While engaged as the chief librarian of the main reading room of the New York City Public Library, C.H.A. Bjerregaard's book "The Inner Life and the Tao-Teh-King" (published by The Theosophical Society in 1913) was reviewed in the February 16, 1913 edition of the New York Times daily newspaper. While cautioning that Bjerregaard's translation of the great Chinese classic was comparable to that of other writers, the N.Y. Times' review notes that Bjerregaard departed from conventional thinking by suggesting that "the only way of [properly] reading the book [was] in the light of mysticism...[as] it [was] not possible to handle it as a Confucian document is handled." As further explained in the N.Y. Times' review, Bjerregaard held the view that there was a "revelation in the Tao-Teh-King of a wonderful life of simplicity in the pre-ethical period -- a life of mystical character...those who followed it did not dream mysticism or theosophy but actually lived the mysteries." 

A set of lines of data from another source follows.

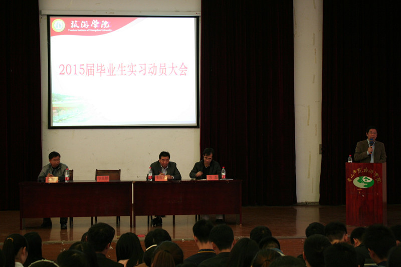 10月29日下午,旅游学院在北区报告厅举行2015届毕业生及学生党员、入党积极分子实习动员大会。旅游学院党总支书记毕民智、院长朱国兴、党总支副书记方磊、院长助理金声琅等参加会议。会议由方磊主持。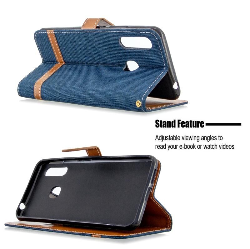 Για Galaxy A70e Χρώμα ταιριάζει με Denim υφή οριζόντια Flip δερμάτινη θήκη με θήκη & υποδοχές για κάρτες & πορτοφόλι & κορδόνι (σκούρο μπλε)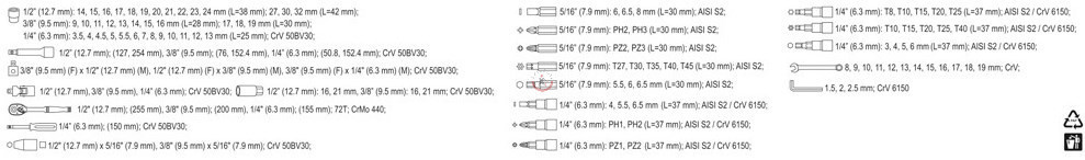 YATO YT-38831 Dugókulcs készlet 1/4" 3/8" 1/2" 111 részes

Of particular interest to note is the contribution C.H.A. Bjerregaard made in scholarly fields that differed from his own. One such example is the "Anthropological & Ethnographic" Introduction that he wrote for Rev. J.G. Wood's "Illustrated Natural History" book published in 1886 by George Routledge & Sons Company. Later, in July of 1900, C.H.A. Bjerregaard published a review of Henrik Isben's play, "When We Dead Awaken" in The Ideal Review with the prefare that "...if the winter season had been before us, I would not review Ibsen's [last] play, "When We Dead Awaken," because the impressions made by it would correspond too well with the dreariness of the cold. But summer is before us and we are full of the rising life and fruitfulness..." (New York City's Moonstruck Dramastore).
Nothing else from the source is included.